Next-generation sequencing (NGS) is arguably the most disruptive of technologic advances in molecular biology in the last few decades, and NGS is poised to dramatically transform the landscape of molecular diagnostics testing. Typical workflow for the role of NGS for the clinical diagnostics laboratory is represented in Figure 6-4 . In the research setting, NGS is being increasingly used for de novo genome sequencing, DNA resequencing, transcriptome and exome sequencing, and epigenomics studies that continue to reveal novel insights in constitutional genetics and the genetic basis of disease (reviewed in reference ). The terms second generation and third generation refer to massively parallel sequencing technologies and span the gamut from clonal amplification of DNA templates on solid matrixes in second-generation technologies to those that use single-molecule PCR-free and cycle-free chemistries as configured in third-generation platforms. The third-generation platforms are still maturing and are not discussed in further detail. The second-generation NGS sequencing technologies are distinct from Sanger platforms in that in NGS, a library of fragments is constructed from the DNA to be sequenced, in contrast to Sanger sequencing, which is based on “first-generation” dideoxy terminator chemistry. Second-generation platforms entail emulsion PCR or bridge synthesis-mediated clonal amplification of DNA templates. All NGS protocols entail a library preparation step, sequencing, and bioinformatics analysis.
An important first step in library preparation involves DNA fragmentation by sonication, nebulization, or shearing, followed by DNA repair and end polishing. Synthetic DNA adapters are then covalently ligated to each fragment by a DNA ligase enzyme. The adapters are platform-specific universal sequences that are used for amplification of the library fragments.
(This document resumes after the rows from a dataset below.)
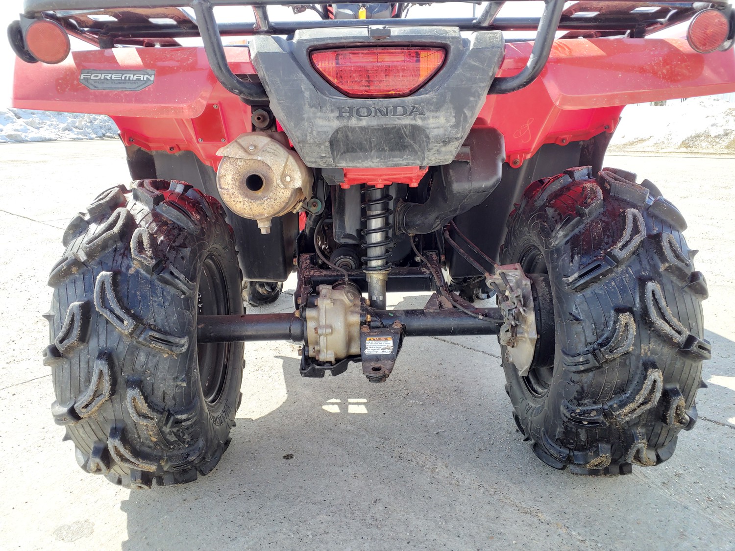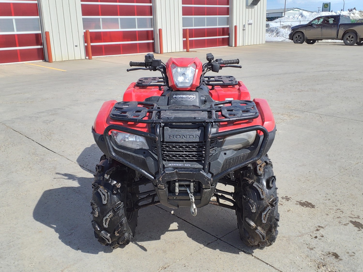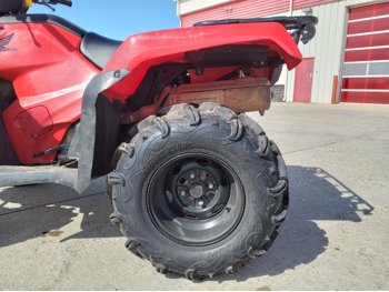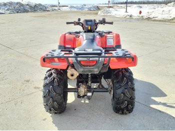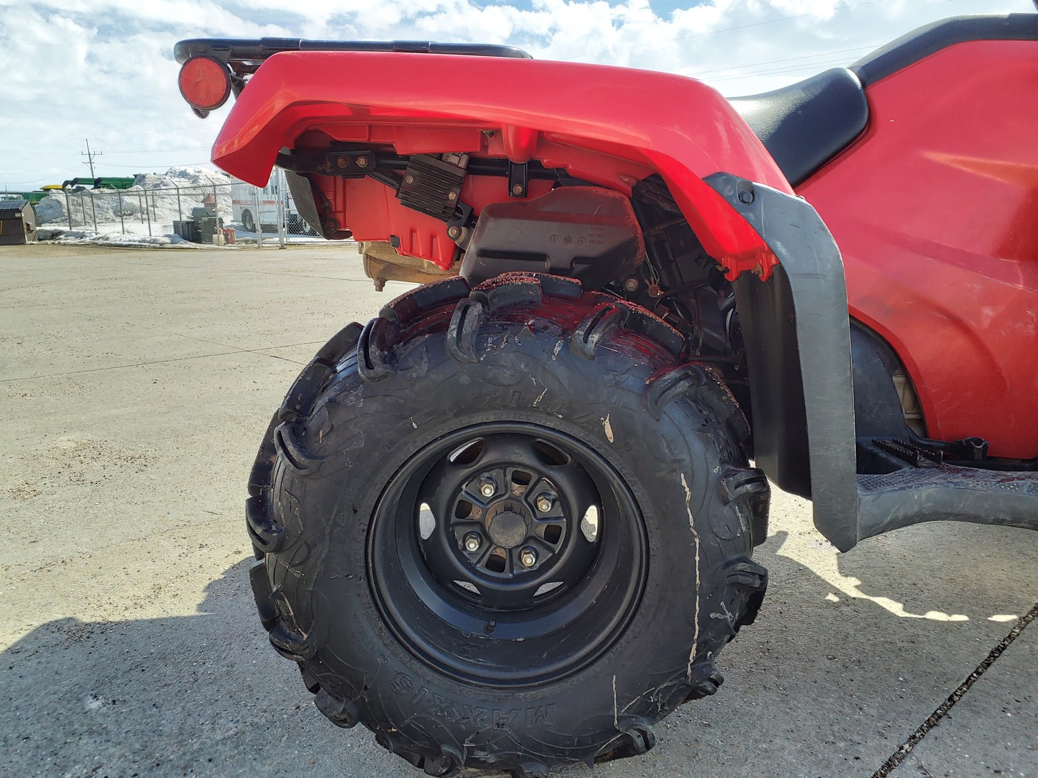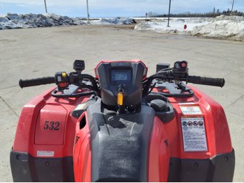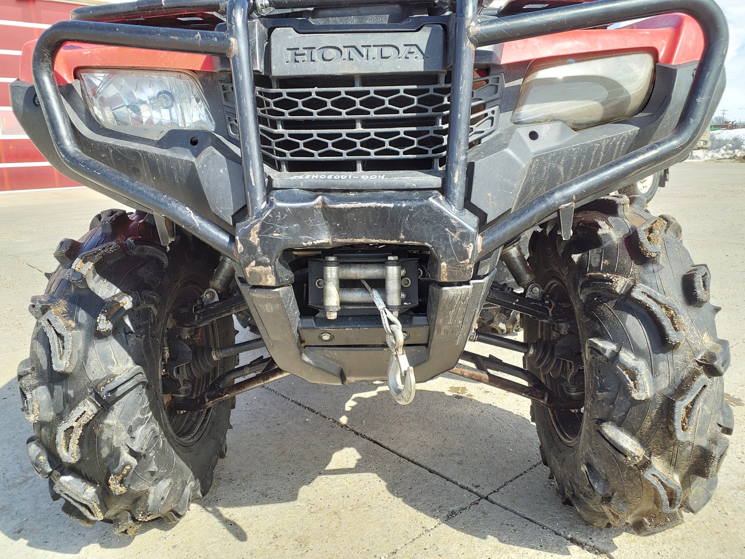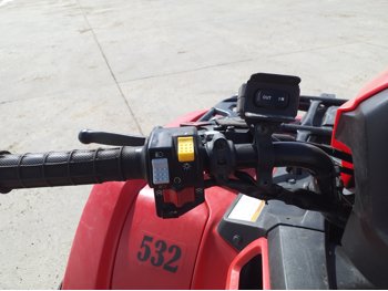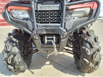 518 cc fuel injected water cooled engine, manual transmission, reverse, hitch, front and rear racks, front winch, 29X9-12 front tires, 26X11-12 rear tires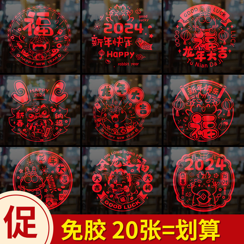 2024 Новый год новогодний Ford Post Статический кусок драконьи годовой окно цветочная бумага Стеклянная наклейка Бумага -Наклейка с наклейкой на дверь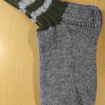 erivärisiä harmaita villasukkia, koko 42-43. Neulottu Novitan seitsemän veljestä langasta. Jalkaterän pituus n 27cm ja sukan korkeus kantapäästä 22-23cm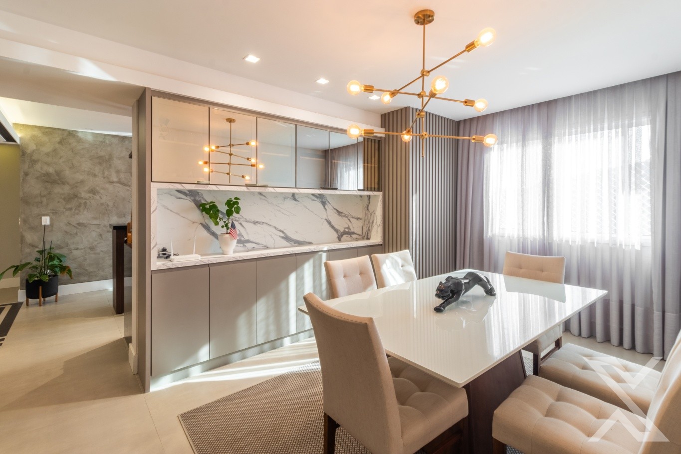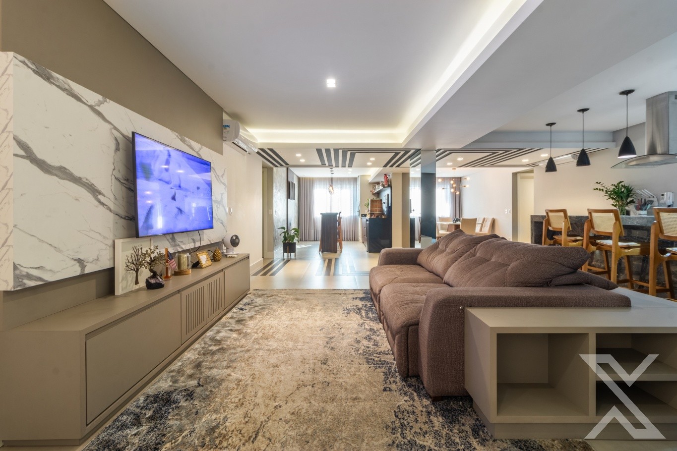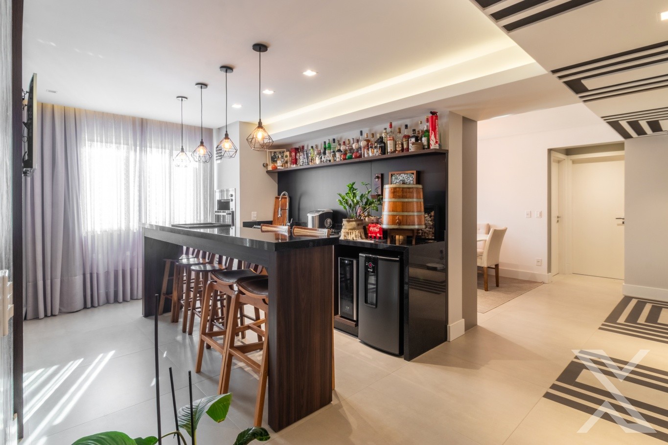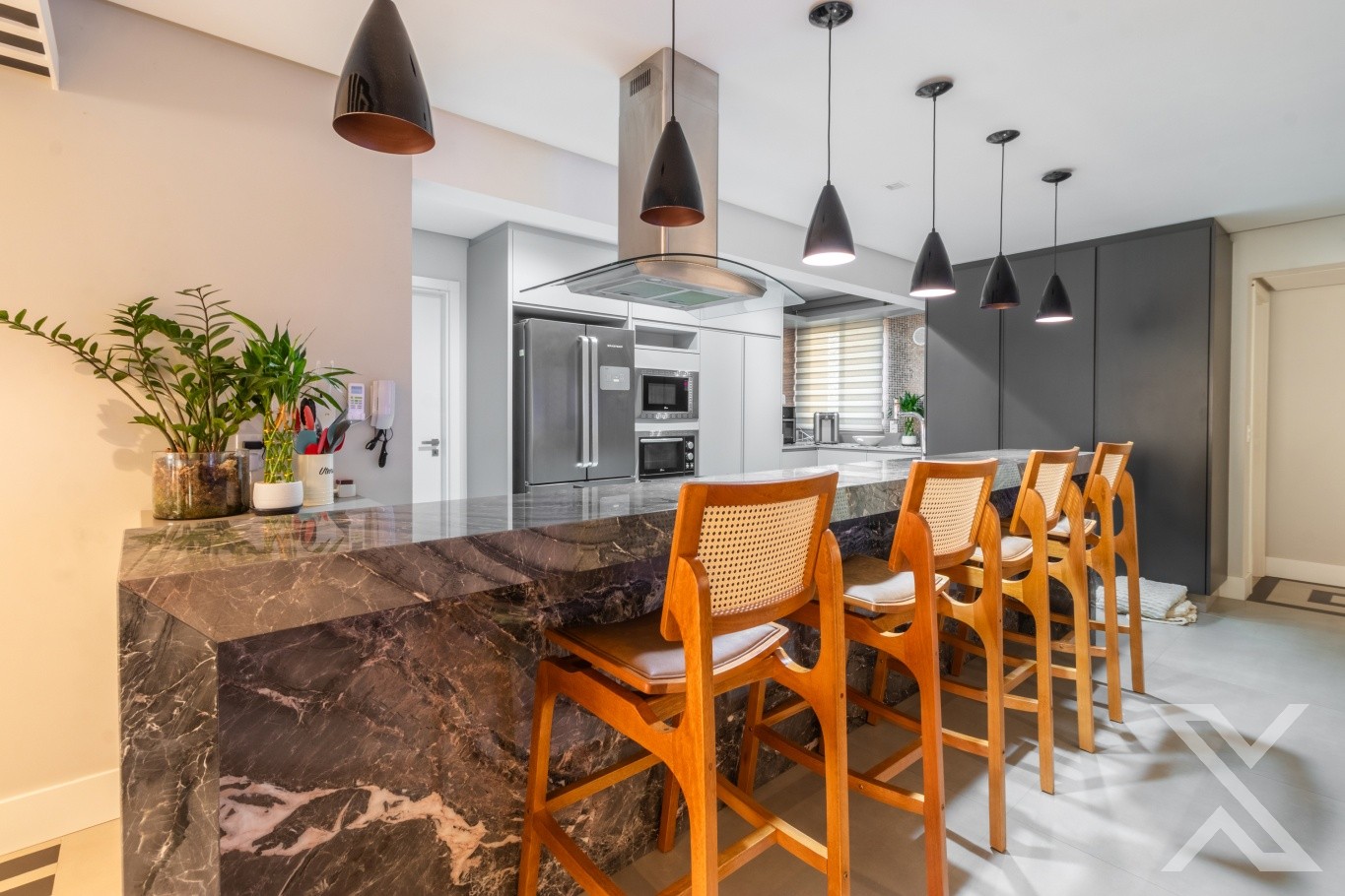 • Espaços integrados: living moderno com cozinha planejada e churrasqueira a gás, perfeito para momentos em família e recepções.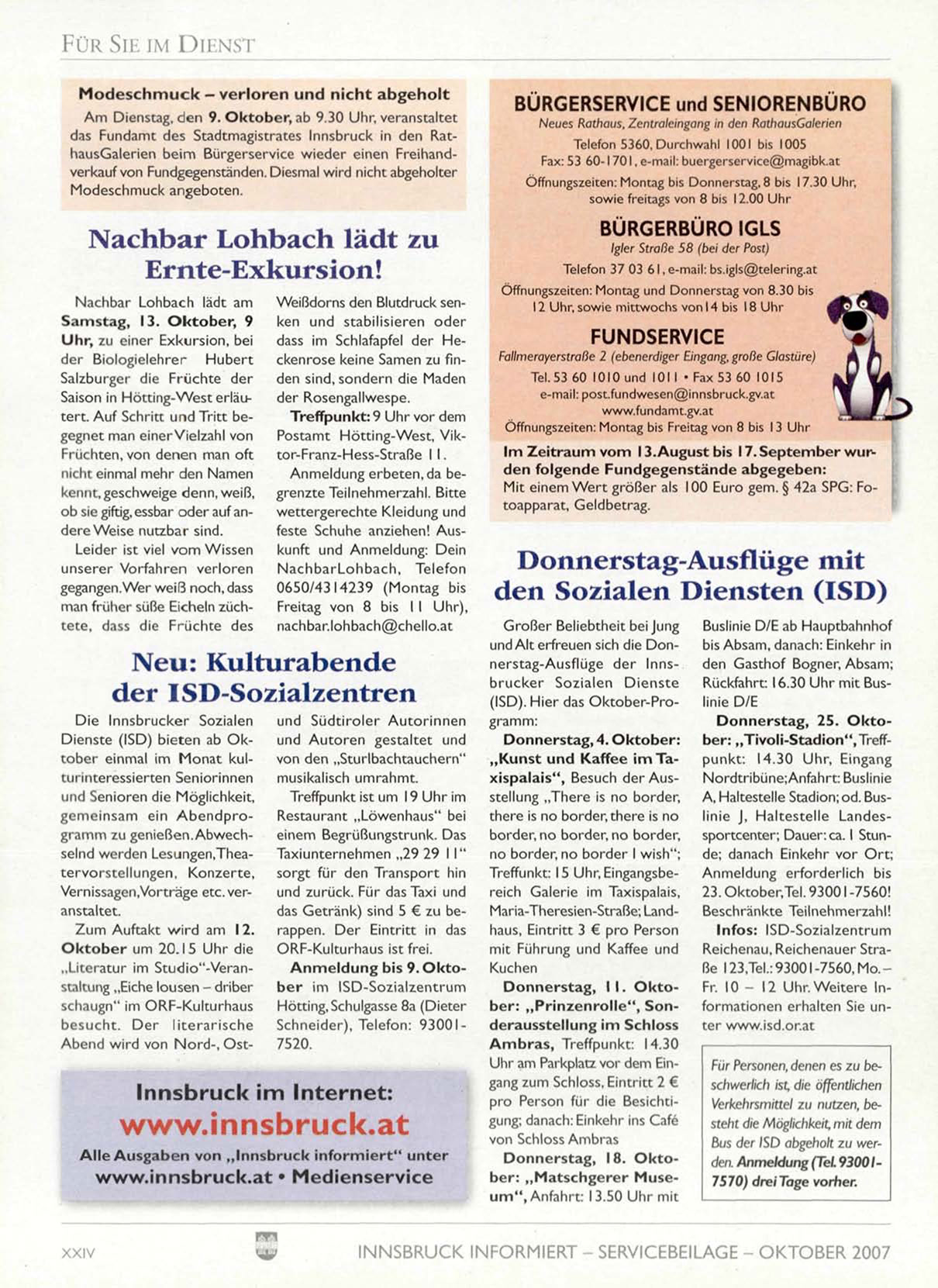 INNSBRUCK INFORMIERT - SERVICEBEILAGE - OKTOBER 2007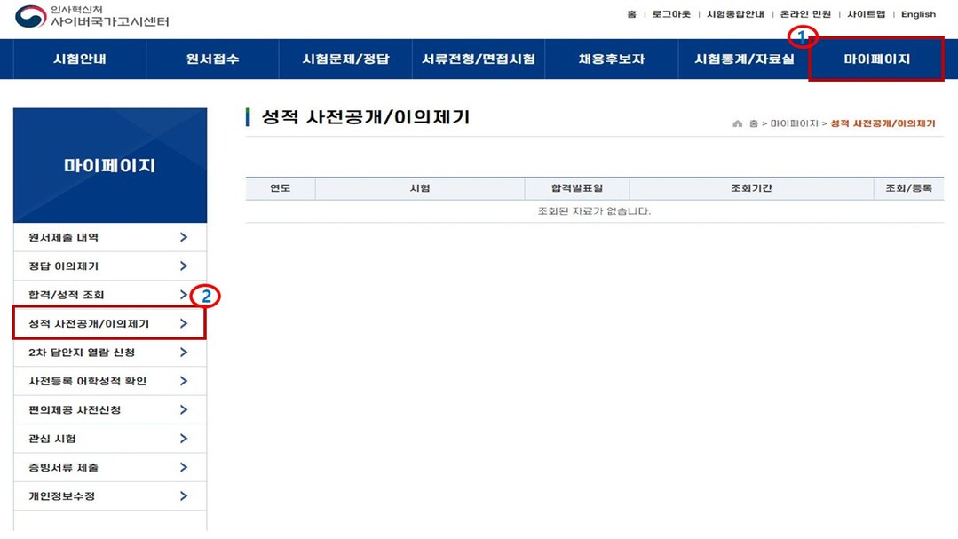 ○ 확인방법 : 인사혁신처 사이버국가고시센터 참고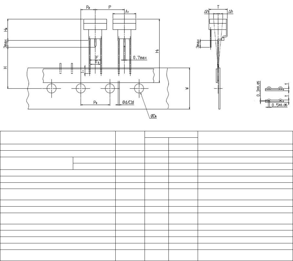 RL132 2012.0903 - 32 - 12) 微调电容器 尺寸 (mm) 内容 记号 数值 容许范围 备注 元件宽度 A 1 10 最大 元件厚度 T 6.5 最大 圆形引脚 Ø d 0.5 ±0.05 引脚线直径 方形引脚 □ d *0.5 ±0.05 *(0.5±0.05) x (0.3±0.05) 元件间距 P 12.7 ±1.0 孔间距 P 0 12.7 ±0.3 累积间距误差 = 1.0mm /20 间距 从孔中心到元…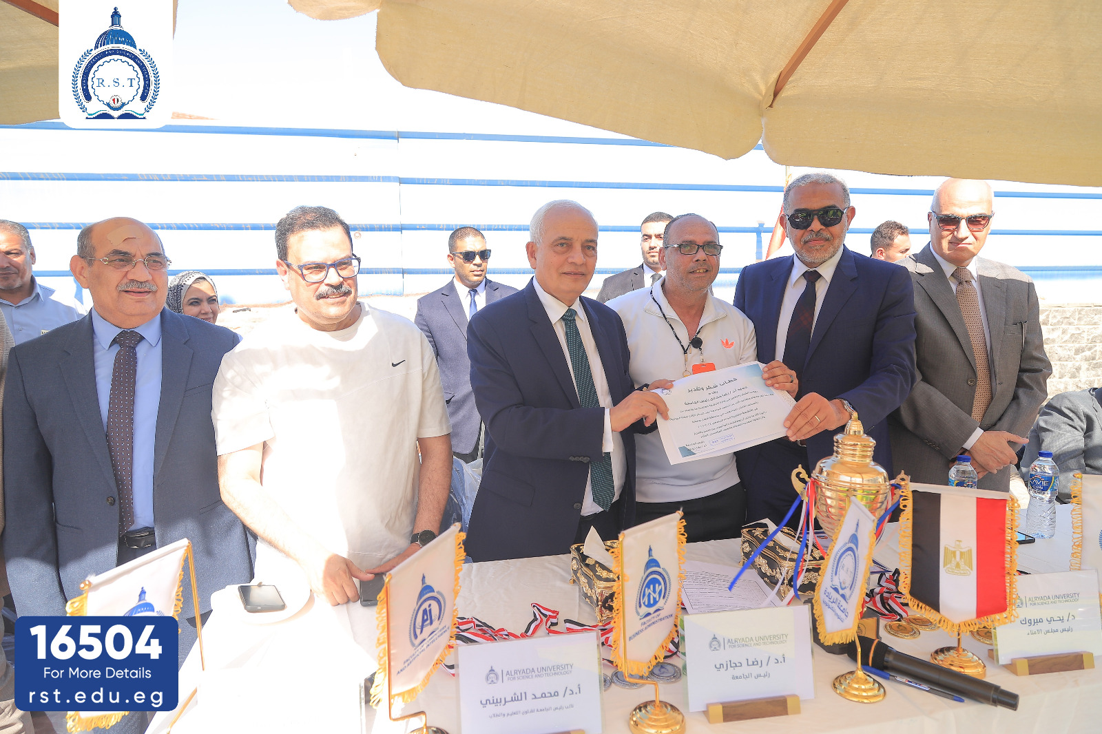وفي نهاية الاحتفال سلم الدكتور يحيي مبروك والاستاذ رضا حجازي الكأس للفريق الفائز وتوزيع الميداليات علي الفريقين وشهادات تقدير وجوائز مالية للطالب عمر عويس الفائز بالمركز الثاني في مجال الشعر العامي ومحمد كرم ابوعجيلة الفائز بالمركز الثالث في الشعر الغنائي خلال مشاركتهم في الملتقي الأول لجامعات اقليم الدليا وتسلم الاستاذ سعيد عبد العظيم مدير عام ادارة الانشطة الطلابية بالجامعة شهادة تقدير لدور الادارة المتميز في حصولها علي البرونزية في مسابقة افضل جامعة في الانشطة الطلابية .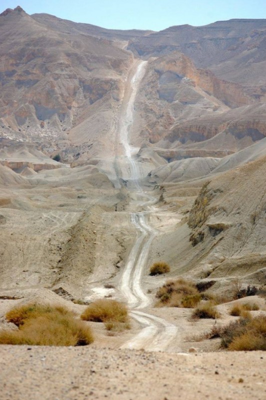 ▼以色列內蓋夫沙漠中的公路,近乎直立的坡度。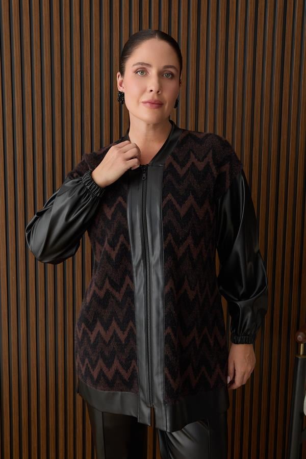 Nevra Hırka Kesim: Rahat Kalıp Tarz: Klasik Boy: 83 Cm Deri Detaylı Ön Kapaması Fermuarlı Hırka
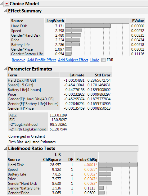 In the Laptop Runs.jmp sample data table, click the green triangle next to the Choice Reduced Model script.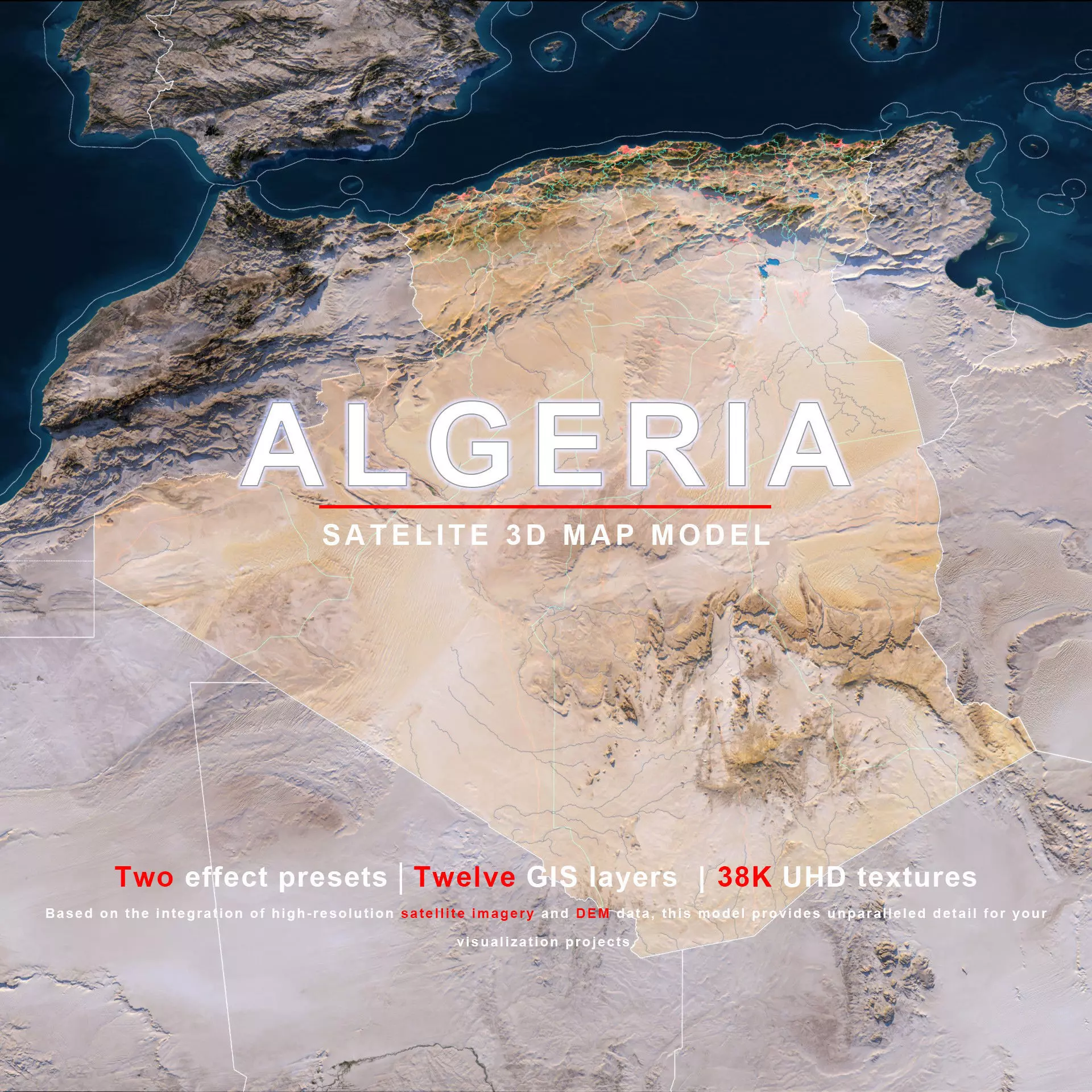 The model includes satellite imagery and masks. The masks are primarily used in material blending to adjust the material representation based on different geographical data. We provide texture maps in both 8K and 38K resolutions.
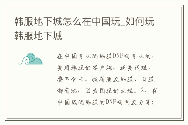 韓服地下城怎么在中國玩_如何玩韓服地下城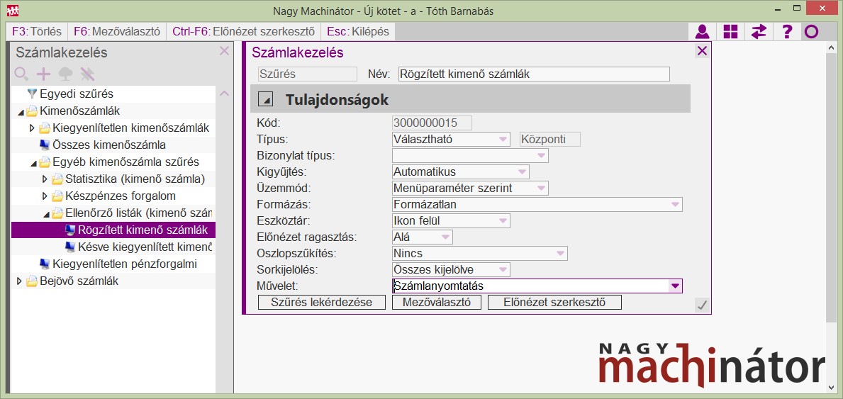Ezenkívül a Szűrés tuljadonságaiban a Művelet=Számlanyomtatás műveletet kell kiválasztani.

Newer technologies (Nextera) use in vitro transposition to generate libraries that are ready for sequencing. Amplification occurs on a solid surface, such as beads or flat microfluidic channels that contain adapter sequences complementary to those ligated to the library synthesized from the sample DNA. Because the entire spectrum of sequences in the library is now accessible for amplification by virtue of the universal priming sequences in the adapters, it is possible to amplify all of the library content in a “massively parallel” manner. Because amplification of each fragment occurs in situ on a single locus on the solid surface, the signal for each locus is distinct and can be “read” in a digital fashion. In contrast to Sanger sequencing, in which the amplification process is distinct from the electrophoretic detection analysis process, NGS instruments perform sequencing and analysis simultaneously. Massively parallel sequencing entails a sequential series of stepwise reactions that include nucleotide addition, detection, and identification of the incorporated nucleotides assembled on each fragment and a washing step that removes excess reagents, fluorescently labeled tags, or blocking moieties. Even though several million to billions of reaction foci are sequenced per run, the amplified signal is exponentially higher than that of possible background signals and enhances the ability for specific detection of the sequence at a specific site.
Whole genome sequencing (WGS) provides a comprehensive annotation of the genome of an individual or sample (reviewed in reference ). WGS provides a detailed map of the structural variations occurring in a genome, including complex and large structural aberrations such as translocations and rearrangements, copy number variations including whole chromosomal additions and losses, small insertions and deletions, and single nucleotide variations (e.g., point mutations), all within a single assay. A major consideration in the implementation of WGS is the expense associated with size, complexity associated with the analysis, and management of data generated.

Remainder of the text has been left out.